Porque ele é bom…
Vitória deixou as malas pesadas no chão do corredor.
— Uhuu!!! A mamã chegou!!! — gritaram animadas as meninas, correndo da sala para recebê-la.
Vitinha sorriu. Finalmente, estava em casa! Para trás, ficavam quatro meses de curso de especialização, uma república surrada, as provas…
Abrigou e beijou as filhas que se apertaram contra ela. E claro, não podia faltar os presentes!
— Inês, isto é para ti! — a mãe entregou à mais velha um suéter fofo e elegante. Gritando de alegria, a pequena vaidosa correu para o quarto, mas voltou, envergonhada, para abraçar a mãe:
— Obrigada, mamã!!! Era mesmo o que eu queria! — e desapareceu de novo.
— Catarina, e este é teu! — a mãe tirou da mala algo azul e branco, macio e estranho.
A avó Olímpia ergueu as sobrancelhas, surpresa: o que era aquela coisa esquisita nas mãozinhas magrinhas da neta mais nova? Um brinquedo, será?
Olhando para a Catia estavam os olhos puxados de um coelho. A cabeça, dura, era de papel machê, mas a barriga e as patas eram macias, cheias de serragem. O coelho era branco, com pelo artificial curto, vestindo uma camisa azul típica.
Até aí, tudo bem. Mas…
Dificilmente se imaginaria um brinquedo mais feio. Os olhos do coelho eram desiguais, cada um num nível diferente. O focinho adunco parecia inclinado teimosamente para o lado, e nos lábios finos congelou-se um sorriso torto, quase pedindo desculpas por ser tão horrível.
— Nossa! — exclamou a Inês, já vestindo o suéter novo. — Mãe, que bicho é esse?!
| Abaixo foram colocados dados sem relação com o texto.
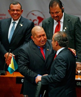 Chávez y Calderón en la cumbre de la Celac.
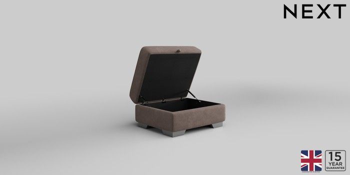 6.12.1 Buy Clayton Storage Footstool Luxe Chenille Mink Brown Square Angle - Gunmetal from the Next UK online shop Click here to use our accessible website

— Filha… — suspirou a avó Olímpia. — Por acaso não havia em Lisboa um brinquedo menos assustador para trazeres? Isso só serve para espantar os pássaros da horta!
Ao ouvir a avó, a pequena Catarina estremeceu, abraçou o coelho com força e fugiu para o quarto.
— Olha, mãe, eu entendo a tua reação. Mas… — Vitória explicou. — A Fnac de Lisboa é enorme, cheia de prateleiras abarrotadas de brinquedos… E ele estava sozinho lá embaixo, esquecido. Fiquei com pena. Até me pareceu que ele agradeceu quando o peguei… Não sei explicar, mas foi como se ele tivesse dito “Obrigado!”.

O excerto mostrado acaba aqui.